According to the U.S. Bureau of Labor Statistics, registered nurses, including those working in schools, will see a growth in their chosen career field from 2010-2020 (www.bls.gov). An employment increase of 26% is expected, which is faster than the average for most careers. A growing population and construction of new schools will attribute to the growth of employment opportunities for school nurses.

However, school nurses may face more employment challenges than their hospital, health clinic and nursing home counterparts. That's primarily because schools don't need as many nurses as medical facilities. Since the environment is not as stressful as other medical facilities, the jobs are attractive to older nurses or those who do not want to work in a hospital.

Career Profile for a School Nurse

School nurses are medical professionals who work in an academic environment. According to the National Association of School Nurses, responsibilities include performing routine screenings on students and providing as-needed emergency and non-emergency care to students (www.nasn.org). They also serve as a medical resource to the community, providing teachers, students and parents with relevant health information.

Educational Requirements

The educational requirements for becoming a school nurse vary among states; however, a Bachelor of Science in Nursing (BSN) is usually a minimum requirement. These 4-year BSN programs prepare students for a career in nursing, as well as provide the basis for preparation for national certification. Students gain education in both the classroom and medical facilities, such as hospitals or clinics. Common courses in these programs include:

  • Anatomy and physiology
  • Medical terminology
  • Pharmacology
  • Health assessment

Post-bachelor's education in school nursing can also be obtained and may be required by employers. Many schools offer a School Nurse Services Credential (SNSC). A bachelor's degree and at least one year of experience are required in order to apply to SNSC programs. These courses focus on treating children and working in a school environment. Common courses include:

  • Health education for school nurses
  • Community nursing
  • School nurse practices
  • Health assessment of youth and children

Certification Information

National certification is needed in order to work as a registered nurse. Nurses must obtain their registered nurse license by passing the National Council Licensing Examination for registered nurses (NCLEX-RN). This license needs to be renewed regularly and continuing education is often required as part of licensing.

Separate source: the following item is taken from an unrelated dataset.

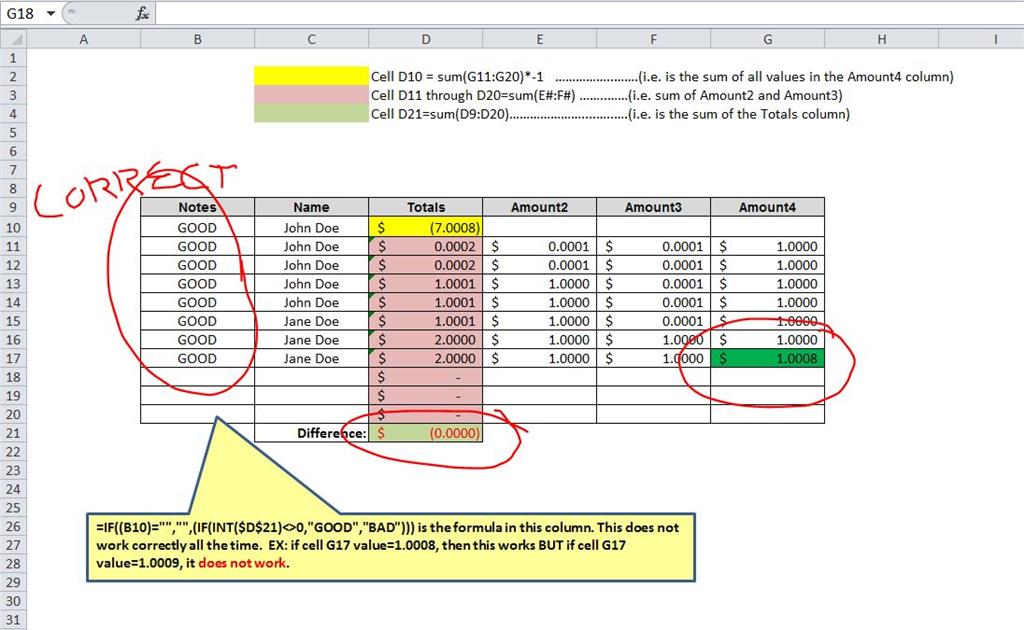 OTHERWISE if the different amount IS ZERO, then the word GOOD should display in column B for all rows.

Many states require school nurses to own a specific school nurse certificate, which can be obtained after becoming licensed as a professional nurse. Nurses may voluntarily obtain this credential on their own to better their employment opportunities. A School Nursing Certification is offered through the National Board for Certification of School Nurses (www.nbcsn.org). This certification verifies a school nurse's knowledge and skills in the field.